Consider a machine with N cores running a program which spawns N parallel tasks, each of which in turn spawns N parallel tasks. Which subtasks do the cores work on initially? If it's the first subtask of each top-level task, that's breadth-first scheduling. If it's all N subtasks of the first top-level task, that's depth-first scheduling. The latter is better for high-performance computing because it tends to be the lower level libraries that are really carefully tuned to make optimal use of the machine (think BLAS/FTT/parallel sum/prefix sum). Previously it was unknown how to implement this kind of scheduling efficiently. See this talk by Kiran Pamnany for more details:

https://www.youtube.com/watch?v=YdiZa0Y3F3c


Ah I see what you mean! I really hate to pile on with the Haskell observation but the 1995 paper by Blelloch that is mentioned in that talk is exactly the heart of GHC's data parallelism as well (under the name nested data parallelism).
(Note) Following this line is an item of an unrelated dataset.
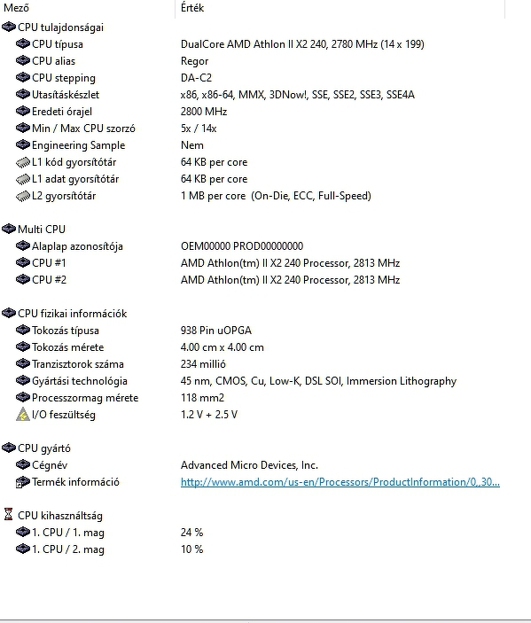 Ez a proci tudásában egy E5300/E5700-as szintjén van (amit alaplapostul házastul tudok adni ingyen is) Nézz körül a Hardveraprón. Ha kb. 20 ezret szánnál a lap+proci párosa, egy nagyságrenddel erősebb gépet tudsz összerakni. Én a helyedben vennék egy használt 1155-ös lapot, azok olyan 8-9 ezerért mennek, de olcsóbban is ki lehet fogni. Lehetőleg 4 slotost, így olcsón tudsz sok DDR3 RAMot belepakolni, de ha nem kell 16Gb, akkor 2 slotos is bőven jó. Hozzá egy 3 ezres i3 2120 100%-kal erősebb, mint ez a proci. Vagy 8 ezerért egy i5 3470 190%-kal erősebb. Esetleg 12-ért egy i5 3570-et, ezek a konfigok tapasztalat alapján nagyon jól bírják, és a gyári hűtővel jól elvannak. i3 2120 alá semmikép nem mennék, nagyon hamar használhatatlan lesz, és a használtpiaci értéke is leesik, mivel nem lehet upgradelni. Ja, 2*4GB DDR3 RAM hardveraprón olyan 6500Ft, 1*8GB meg 7000Ft. Ha nem tudod, mit válassz, küldök konkrét hirdetéseket is, de ezek általában 1-2 nap alatt elkelnek, így hamar le kell csapni. Röviden: 1155 lap egy i3 2120 olyan 13 ezerért kétszer akkora teljesítményt ad. A hozzászólás módosítva: Márc 9, 2020

See slide 8 here: https://www.microsoft.com/en-us/research/wp-content/uploads/...

Later versions of Blelloch's language are referred to in other parallel Haskell papers.

FWIW I think this is nonetheless fantastic news for Julia! It's certainly poised to do great work in areas that I doubt will get any Haskell traction anytime soon (if ever) for good reasons.

EDIT: Interesting, I think Julia is taking a coarser grained approach here that breaks down a bit for irregularly balanced execution trees, but relies less on fusion (i.e. doesn't use fusion at all) which is nice. I'm curious to see how this particular implementation of the "depth first" idea goes!

EDIT EDIT: Actually I'm not sure how much fusion is necessary for GHC's approach... Time to investigate more closely. Also call out to anyone more familiar with Data Parallel Haskell to chime in. I'm getting out of my depth.


I'm not surprised that Haskell supports this kind of parallelism, although I wasn't aware of it previously. After all, if you're going to the trouble of being that pure, why not be parallel?